Professor Fisher has over 35 years of experience in media as a faculty member, interim chair, production company owner and manager of media technology infrastructure.
He pursued a Ph.D. when film was still film, but his program included studies in artificial intelligence, human and technology interface, computer programming, decision making and statistics because he believed some day computers would play a role in media production.
At Biola he has been responsible for the department’s transition from analog to digital and now to cloud based media production. In his classes he has introduced mobile applications, compression and streaming science, digital cinema standards, augmented and virtual reality and many other topics.

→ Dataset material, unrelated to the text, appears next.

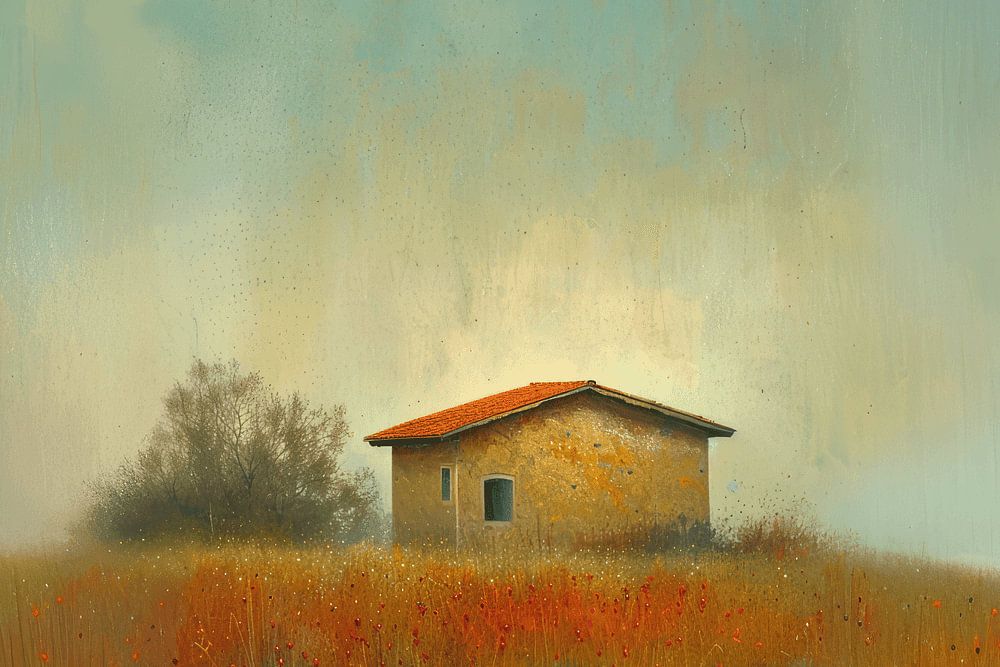 Het huisje op de heuvel. Een lieflijk huisje in warme tinten. Een plek waar iedereen wel zou willen wonen! Een bijzondere blikvanger voor je interieur.

As interim chair, Professor Fisher is charged with developing the five year plan to expand enrollment, develop new programs offered by Cinema and Media Arts and turn CMA into one of the top film schools.

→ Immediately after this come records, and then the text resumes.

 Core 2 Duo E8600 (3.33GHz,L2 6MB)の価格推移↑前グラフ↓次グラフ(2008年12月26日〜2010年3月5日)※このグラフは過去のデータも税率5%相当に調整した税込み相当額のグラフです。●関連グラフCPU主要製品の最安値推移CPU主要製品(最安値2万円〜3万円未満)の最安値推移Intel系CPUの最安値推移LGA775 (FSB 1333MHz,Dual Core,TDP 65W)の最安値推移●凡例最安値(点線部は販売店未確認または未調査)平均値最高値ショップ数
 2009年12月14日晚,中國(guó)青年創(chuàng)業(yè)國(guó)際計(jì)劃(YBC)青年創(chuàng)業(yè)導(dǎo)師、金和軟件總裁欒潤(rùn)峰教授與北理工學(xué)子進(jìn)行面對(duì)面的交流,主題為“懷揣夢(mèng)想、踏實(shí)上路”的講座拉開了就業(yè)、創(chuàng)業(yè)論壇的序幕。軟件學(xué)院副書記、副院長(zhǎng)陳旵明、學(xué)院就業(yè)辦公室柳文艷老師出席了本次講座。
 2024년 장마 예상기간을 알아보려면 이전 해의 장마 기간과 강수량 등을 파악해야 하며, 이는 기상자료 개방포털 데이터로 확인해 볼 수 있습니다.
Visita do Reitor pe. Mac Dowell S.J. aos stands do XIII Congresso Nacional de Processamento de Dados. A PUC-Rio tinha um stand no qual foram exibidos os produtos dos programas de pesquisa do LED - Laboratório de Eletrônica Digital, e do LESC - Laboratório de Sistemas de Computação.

Professor Fisher is a member of the Broadcast Educators Association and actively involved in the emerging technologies interest division.
Professor Fisher and his wife, Ellie, live in Irvine, California, have five children and seven treasured grandchildren.

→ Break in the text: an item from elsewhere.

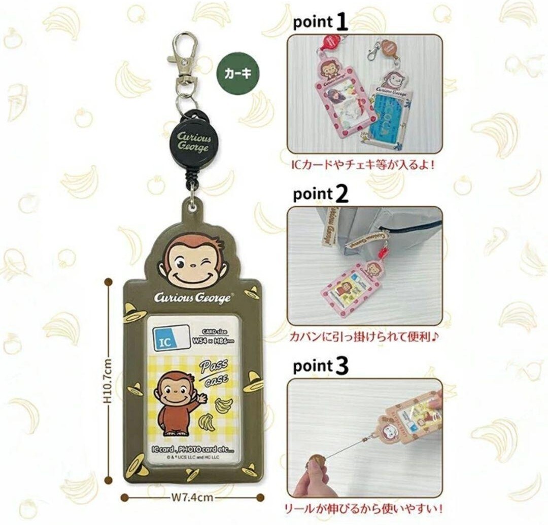 新品 カーキ おさるのジョージ リール付きパスケース  キーホルダー キュリアスジョージ ダイカット 定期入れ パスケース 收藏

Stew Oleson brings a diverse professional background to his position teaching broadcasting in the Journalism Department at Biola. He is an award-winning broadcast journalist and producer, former Assistant State's Attorney in Chicago, a travel show host, and a standup comedian.
Stew grew up in Moline, Illinois where he attended the Evangelical Free Church and graduated with a BS in Journalism from the University of Illinois in Champaign-Urbana. He received his Juris Doctor from the John Marshall Law School in Chicago and tried over 500 cases to verdict during his eight years as an Assistant State's Attorney for Cook County. Stew balanced his work as a prosecutor during the day with standup comedy at night in Chicago, making frequent stand up TV appearances on Evening at the Improv and The Oprah Winfrey Show.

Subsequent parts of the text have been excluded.